Jamais je n'ai cru au destin, aux buts précis de la vie. Mais j'ai toujours pensé que certaines coïncidences peuvent être trop coïncidentes pour qu'elles ne soient que des coïncidences. Et si je ne crois pas au destin, je crois pourtant en quelque chose qui, nous observant avec assiduité, essaye de donner un sens à ce que nous faisons. On nous envoie des signes, des clés pour ouvrir des portes fermées. Parfois on les comprend, souvent on les ignore. J'ai formé cette hypothèse lorsque j'ai repensé à la première lecture qui m'avait captivée lorsque j'étais enfant. C'était un livre que j'avais choisi parmi tant d'autres dans une librairie, comme ça, par pur instinct. J'avais lu la quatrième de couverture, observé les lettres, les dessins qui l'ornaient ; j'avais lu quelques mots puis j'avais dit à ma maman de ma voix d'enfant qui semblait d'ors et déjà avoir une pincée d'audace : «Je le veux, celui-là ».

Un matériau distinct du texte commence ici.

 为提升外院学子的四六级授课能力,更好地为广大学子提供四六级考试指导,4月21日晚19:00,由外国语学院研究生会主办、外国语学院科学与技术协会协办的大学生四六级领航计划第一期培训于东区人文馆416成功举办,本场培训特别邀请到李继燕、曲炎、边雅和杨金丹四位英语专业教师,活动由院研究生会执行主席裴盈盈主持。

Le livre racontait l'histoire de deux jeunes enfants qui découvraient un cahier magique qui pouvait rendre réel tout ce qu'ils écrivaient en son intérieur. Ils créaient leur propre univers, péripéties et aventures. S'ils décrivaient l'envol d'un oiseau avec des mots, alors, s'échappait des pages un moineau qui, battant des ailes, s'engouffrait entre les nuages. J'avais lu ce livre d'une traite. Ça m'avait donné l'envie d'écrire, je me disais que si toutes les aventures dantesques qui se déroulaient dans ma tête pouvaient prendre vie avec des mots, je serais heureuse. Heureuse de pouvoir vivre ce dont je voulais, d'intégrer des personnages; de vivre dans mon imagination, ce qui est irréalisable et impossible ; de viser l'improbable et l'inaccessible.

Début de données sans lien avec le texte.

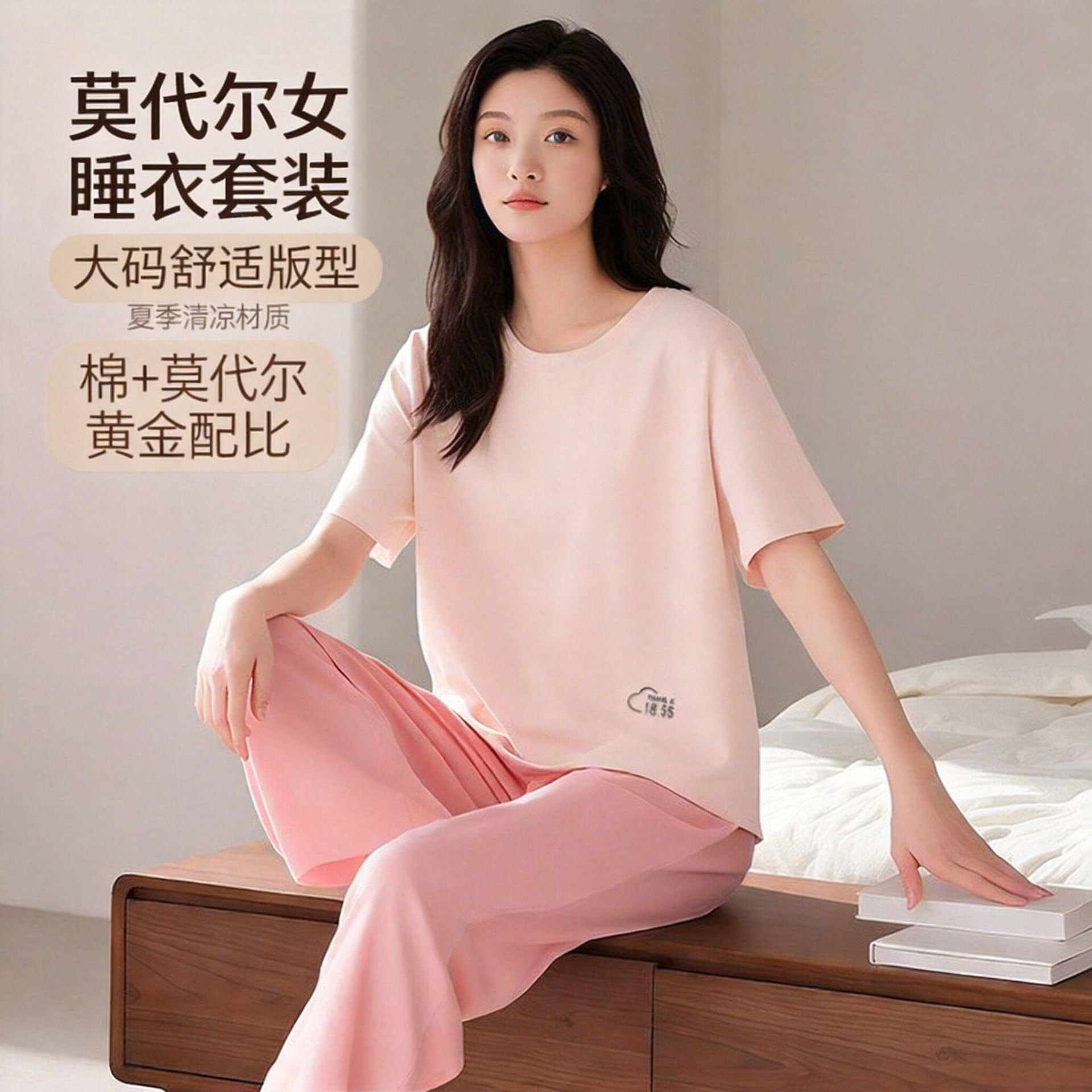 모달 커플 잠옷 여성용 여름 반팔 얇은 캐주얼 홈웨어 세트 루즈핏 대형 투피스 세트 남성용

Je m'étais mis à écrire dès mon plus jeune âge. Des histoires loufoques, où j'étais le personnage principal et je vivais des aventures pleines de péripéties. Des histoires où j'incarnais quelqu'un que je n'étais pas dans ma vraie vie. J'abandonnais la petite fille banale que j'étais pour devenir un personnage nouveau. 

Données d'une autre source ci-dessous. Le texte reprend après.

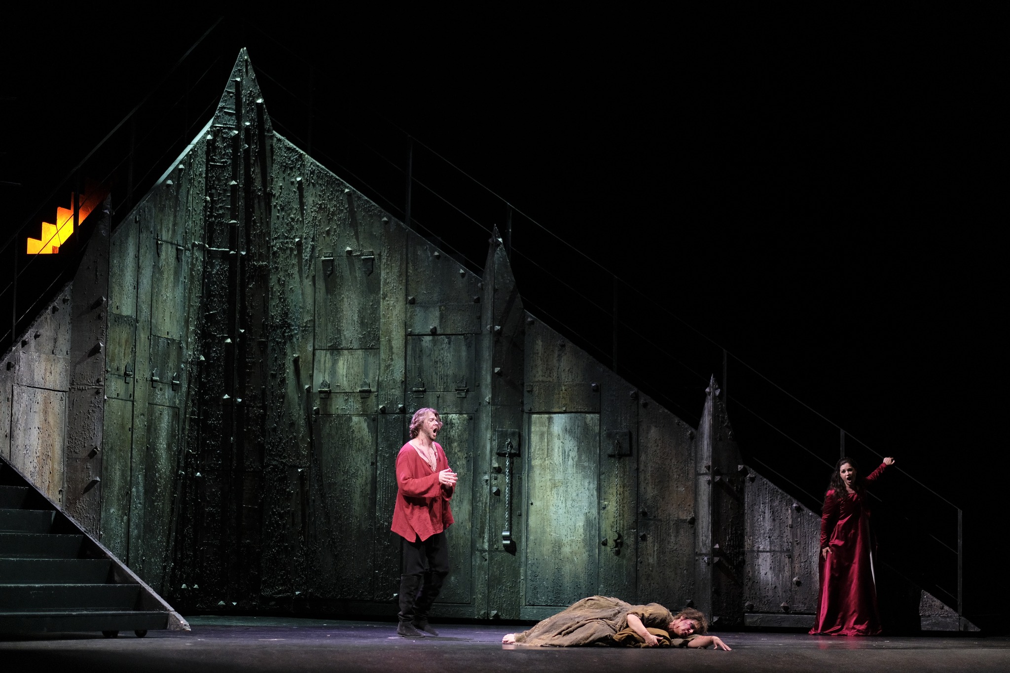 Vizioli’s staging certainly gives something to look at. The costumes, by Alessandro Ciammarughi, are full of long flowing dresses for the ladies and medieval looking garb for the gentlemen. There’s a symmetry to the sets, also by Ciammarughi, that makes for interesting stage pictures. The set is composed mainly of two structures that are set to the sides of the stage for the most part, with stairs for characters to climb, while they are brought together to provide an enclosed space for the prison of the final scene. What this means, however, is that for much of the evening, the singers don’t have much in the way of acoustic support. The effect was heightened because Vizioli puts so much of the action in the middle of the stage, which meant that the impact of the singing wasn’t always optimal – Cristiana Oliveira’s Leonora suffered from this in her opening scene, while the chorus lost impact in the anvil chorus due to being placed so far back, combined with an enthusiastic anvil player at the front side who made an deliciously rowdy noise.

J'ai grandi avec la lecture, avec les personnages des livres, dans un monde imaginaire dans lequel je me perdais le soir, avant de dormir, où dès que j'avais un peu de temps.

C'est ce qui a forgé ma vie. La genèse et la cause de moi-même aujourd'hui. Je vivais une vie monotone pour laquelle je n'avais aucune envie de vivre. Le seul moyen de m'en échapper, c'était en vivant de mes rêves et de mes fantasmes à travers les mots. Je pensais qu'en grandissant, tout changerait. Ce monde inaccessible s'offrirait à moi. J'allais devenir celle dont j'avais toujours rêvé. Mais ce n'étaient que de simples illusions. J'avais des rêves pleins la tête, mais ils ne se réalisaient jamais. Car la seule chose que je faisais, c'était attendre, lire, écrire encore. Puis attendre à nouveau. 

C'est sûrement l'un de mes plus grands défauts aujourd'hui, celui d'attendre que la vie ne vienne à moi. Elle était inconnue, seulement des mots que j'écrivais sur une feuille, que je lisais avant de me coucher,  que je rêvais dans mon sommeil.

Je m'en étais rapidement rendue compte, à quel point j'avais besoin de vivre. Mais j'avais peur de le faire.

Voilà, c'était ça. J'avais peur. Hélène, la jeune femme que j'étais, avait peur de la vie.